Part style manual and part philosophy of excellent writing, Kaufman focuses in this book on the versatility of verbs, empowering writers to pay closer attention to the world and bring their creativity and perception to the surface. Drawing on a wide variety of examples—from George Orwell to Anton Chekov to Patricia Highsmith—she encourages writers to sharpen and enliven their own work by harnessing the power of verbs, without sacrificing clarity or grace. Across eleven chapters, Kaufman asks us to consider how a single, well-chosen verb can tilt a piece of writing toward precision or possibility, toward clarity or confusion. Verb Your Enthusiasm feels especially resonant now, when so much of our daily language—articles, texts, social media posts, emails—demands not just to be read, but to be understood beneath the surface.
I had the pleasure of speaking with Kaufman over Zoom about writing, neuroscience, and “verbing” as an act of resistance.
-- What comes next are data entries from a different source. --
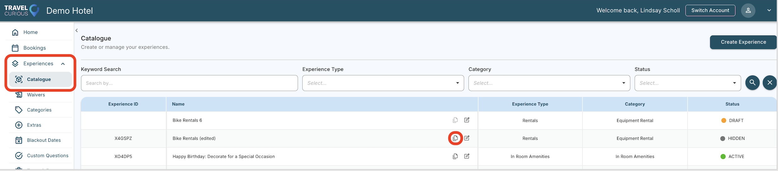To create a new experience, please follow these steps: Log in to https://activate.travelcurious.com Click on Experiences to open up the sub-modules Click on Catalogue and then on the "Create Experience" button on the top right-hand corner. This ...
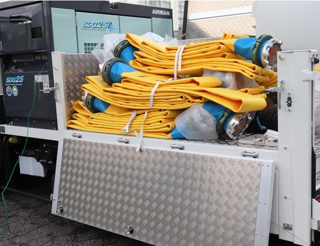 2019年9月、横浜市の観測史上最大となる1時間あたり100mmの降雨が観測され、多数の浸水被害が生じていました。台風のように事前に予測ができる豪雨に備えて排水ポンプ車を待機させ、道路冠水などの被害が多発・長期化する箇所における被害の早急解消を目的に、横浜市初となる排水ポンプ車が導入されました。2tトラックでコンパクトなため、狭い路地も運転しやすくなっています。
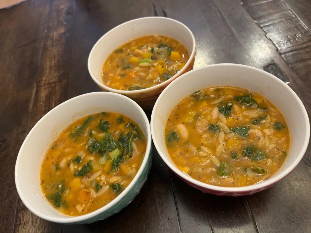 When I got home, I recreated my own vegetarian minestrone, inspired by that Roman trattoria bowl. It’s rich, comforting, and packed with vegetables, with kale playing a starring role just like in that unforgettable soup.
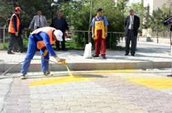 Şehir merkezinde araç trafiğinin yavaşlatılması için düzenlenen kasisler, gece daha rahat görülmesi için boyanıyor.
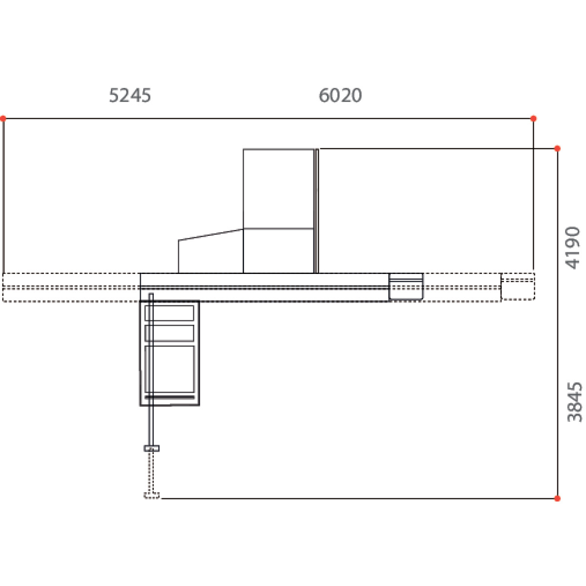 - Platzbedarf Breite/Tiefe: 3830 mm

This interview has been edited for length and clarity.

The Rumpus: How did your time as chief dance critic and senior arts reporter for The Washington Post shape your writing and eventually lead you to writing this book?
Sarah L. Kaufman: I was a reporter and critic for thirty years. As a reporter, you’re telling true stories. You can’t make anything up. As a critic, you’re giving an analysis and an evaluation, but you can bring in your opinion. You have to have a strong opinion. It’s more interesting to read. You need to first observe the world you’re in, think through how you feel about it, and then be able to make a case for those feelings. And generally, as a writer, you want to persuade people that you’re seeing a true picture; you’re giving a true sense of an authentic moment.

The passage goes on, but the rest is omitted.